Distributed Sparse Signal Recovery


Distributed Sparse Signal Recovery – Nearest-Nest Search involves the search for each user and the performance of these search algorithms, based upon the objective function of the algorithm(s) in each instance of the search objective. In this paper, the goal of this report is to identify the best query solution for each user. The main goal of the work is to find the best algorithm with the optimal search performance. The algorithm based system is based on a data driven approach and some specific rules and parameters were selected for solving search problems. Based on these rules and parameters, the proposed algorithm is implemented and tested.

With the advent of deep learning (DL), the training problem for deep neural networks (DNNs) has become very challenging.

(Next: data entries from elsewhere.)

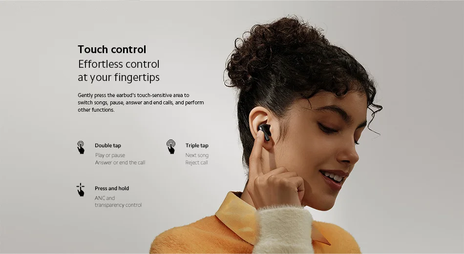Gently press the earbud's touch-sens itive area to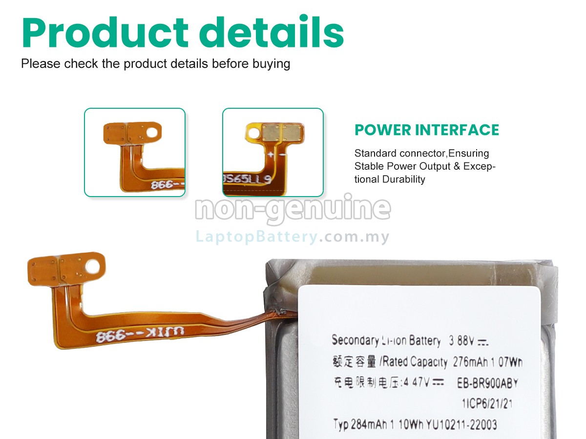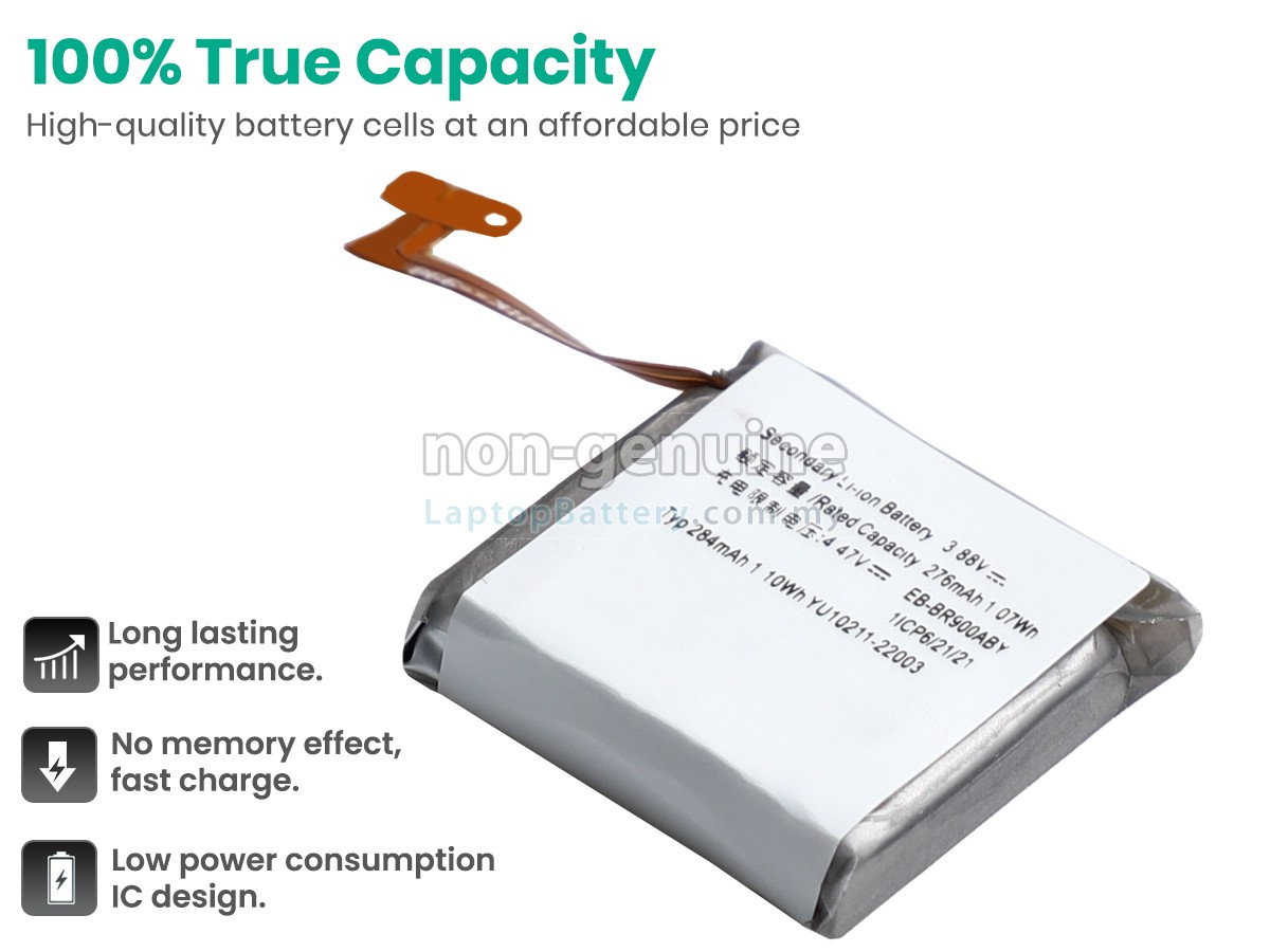 Our Website is your source of high-grade Samsung watch batteries! This brand new 1.07Wh(1 cells) replacement Samsung R905 Li-Polymer battery is made with high-grade cells from Samsung, LG and Panasonic to ensure maximum performance. The housing of the Samsung R905 battery pack is made of non flammable and very durable plastic, which is fire-retarded and nonperishable when dropped from low heights.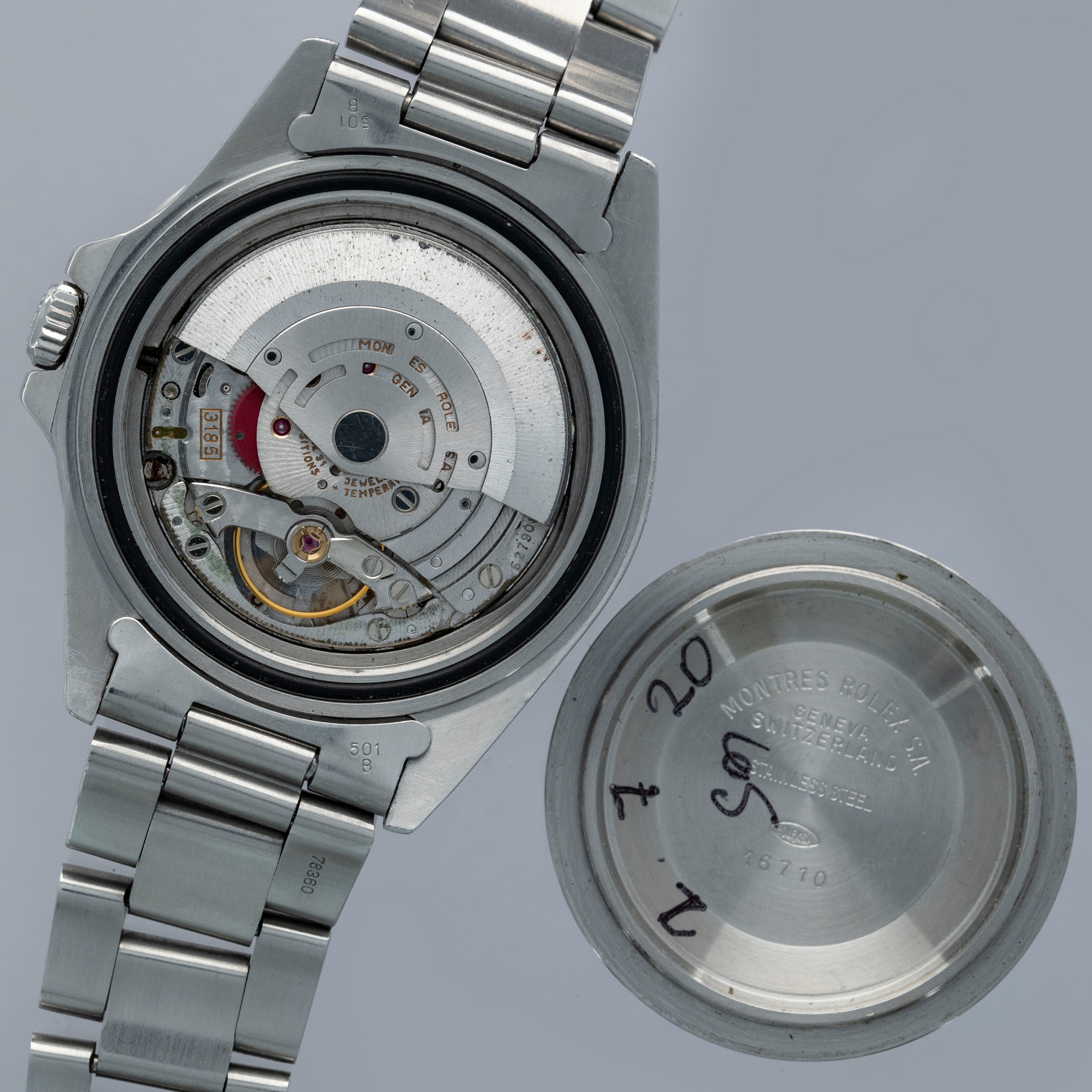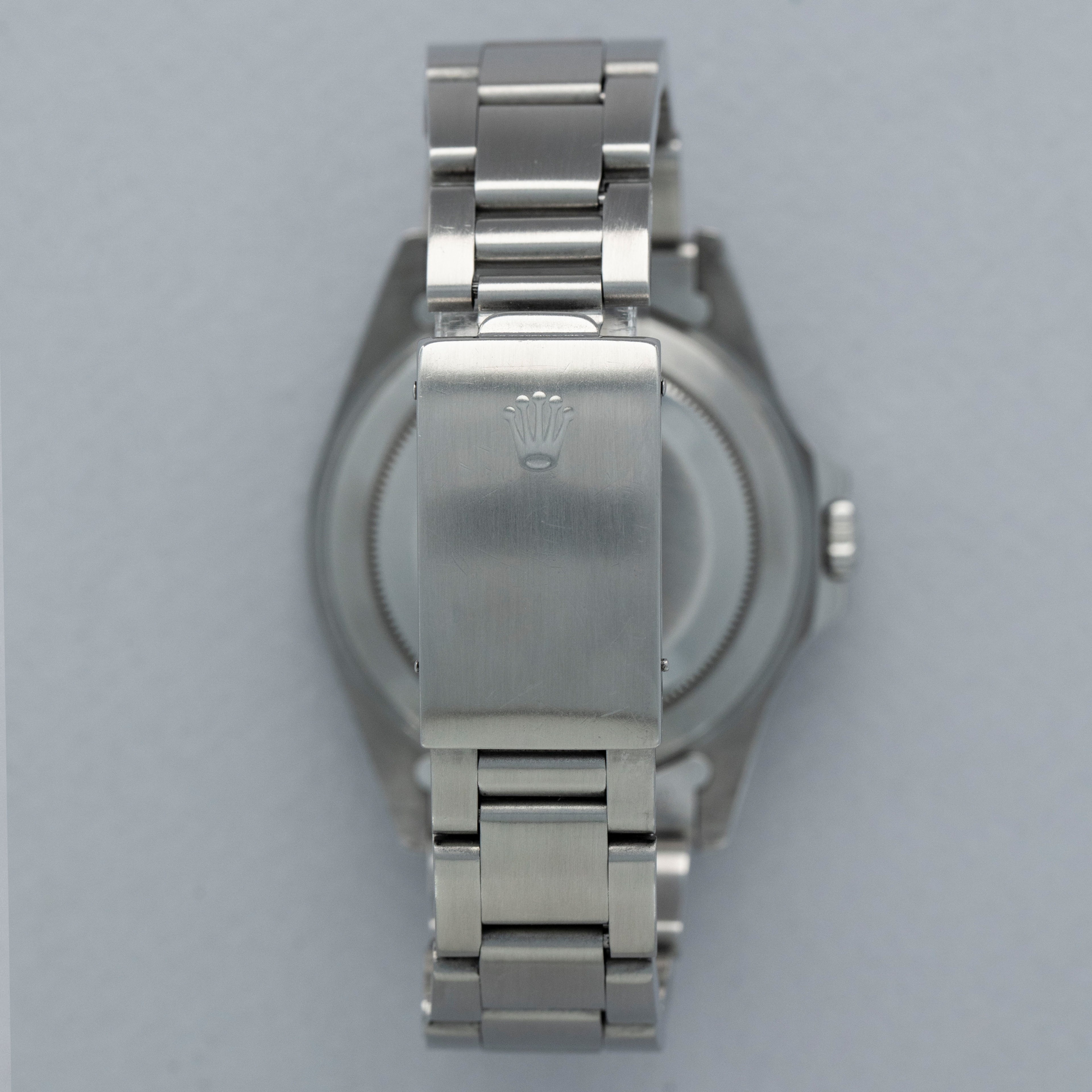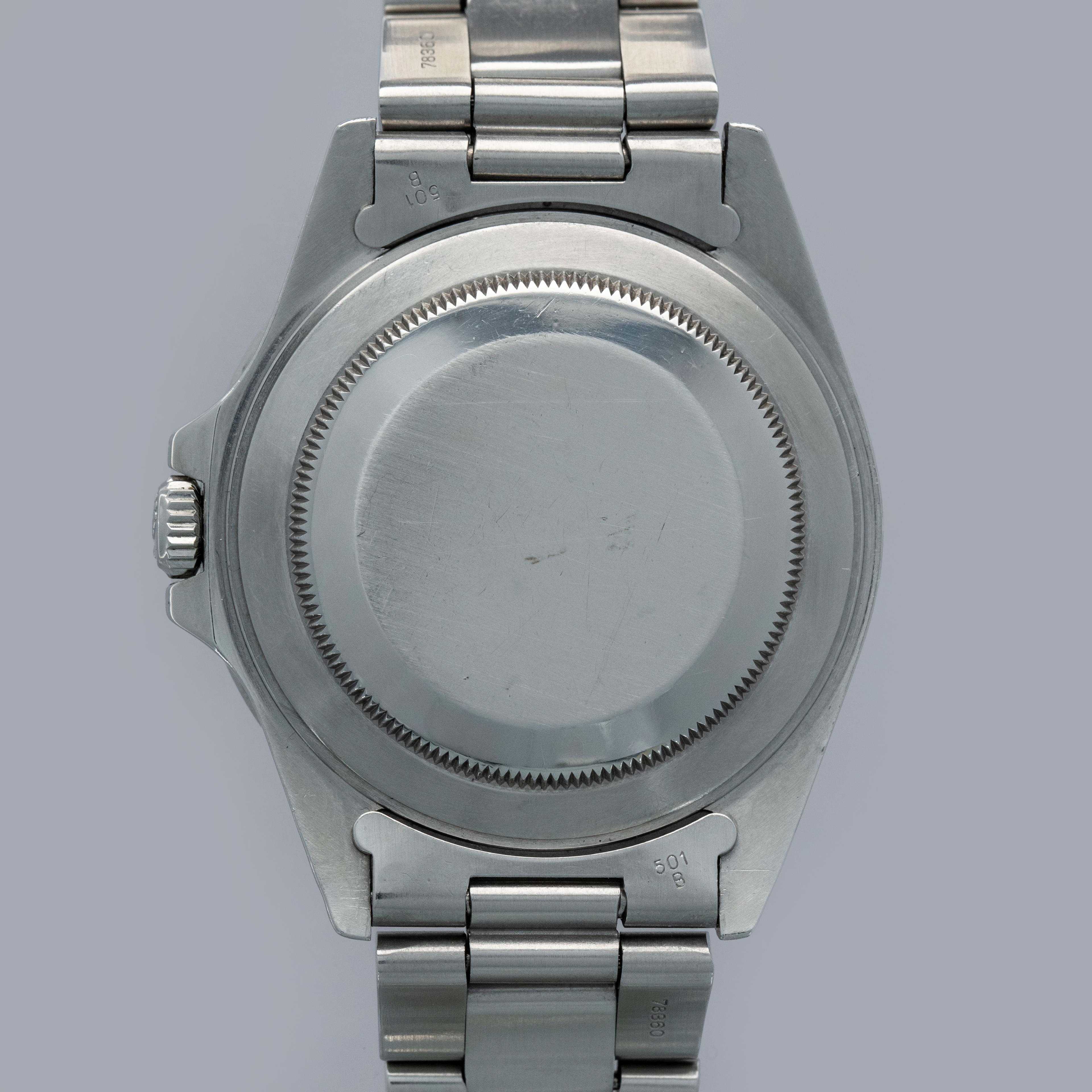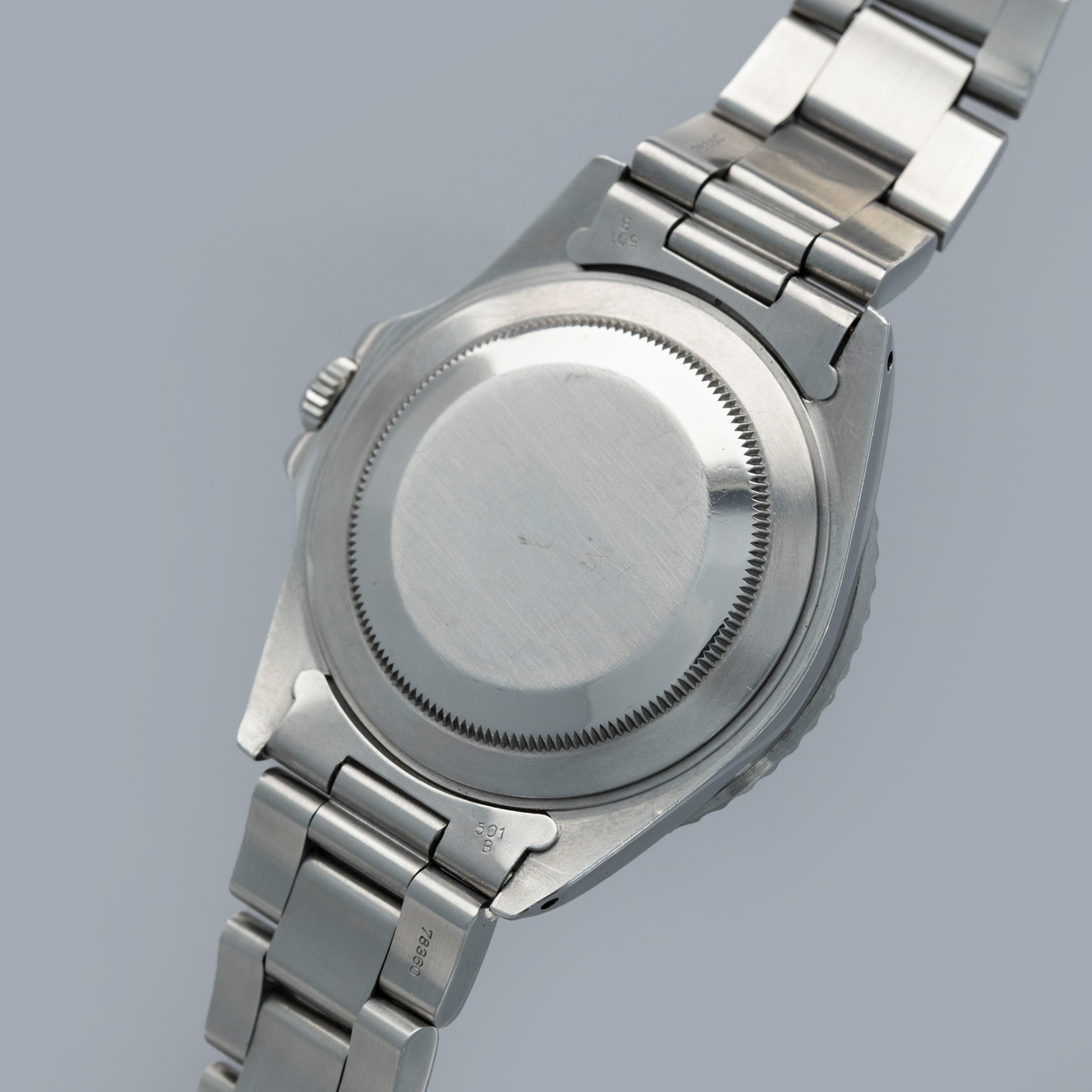 The watch is overall in good condition. The steel case remains well defined and the case back is clean. The bezel shows softened edges and the insert is aftermarket and has significantly faded in places. The dial has signs of severe degradation. Several lume plots are missing and showing the white substrate below, while others have been relumed poorly. The hands are clean. The solid link Oyster bracelet has significant play between the links and surface wear throughout. The bracelet currently fits a 7 1/4" wrist and has 11 links.

It involves extracting features from the input data in order to achieve a desired solution. However, it is often the only possible solution which can be efficiently achieved. To tackle this problem, the training process can be very parallelized. In this work we propose a novel multi-task learning framework for deep RL based on Multi-task Convolutional Neural Networks (Mt. Conv.RNN), which is capable of training multiple deep RL models simultaneously on multiple DNNs. The proposed method uses a hybrid deep RL framework to tackle the parallelization problem in a single application. The proposed method also provides fast and easy to use pipelines based on batch coding. Extensive experiments shows that the proposed multi-task deep RL method is able to achieve state-of-the-art accuracy on real-world datasets, even with training time of several hours on a small subset of datasets such as HumanKernel, and outperforms the state-of-the-art DNN based method on multiple datasets.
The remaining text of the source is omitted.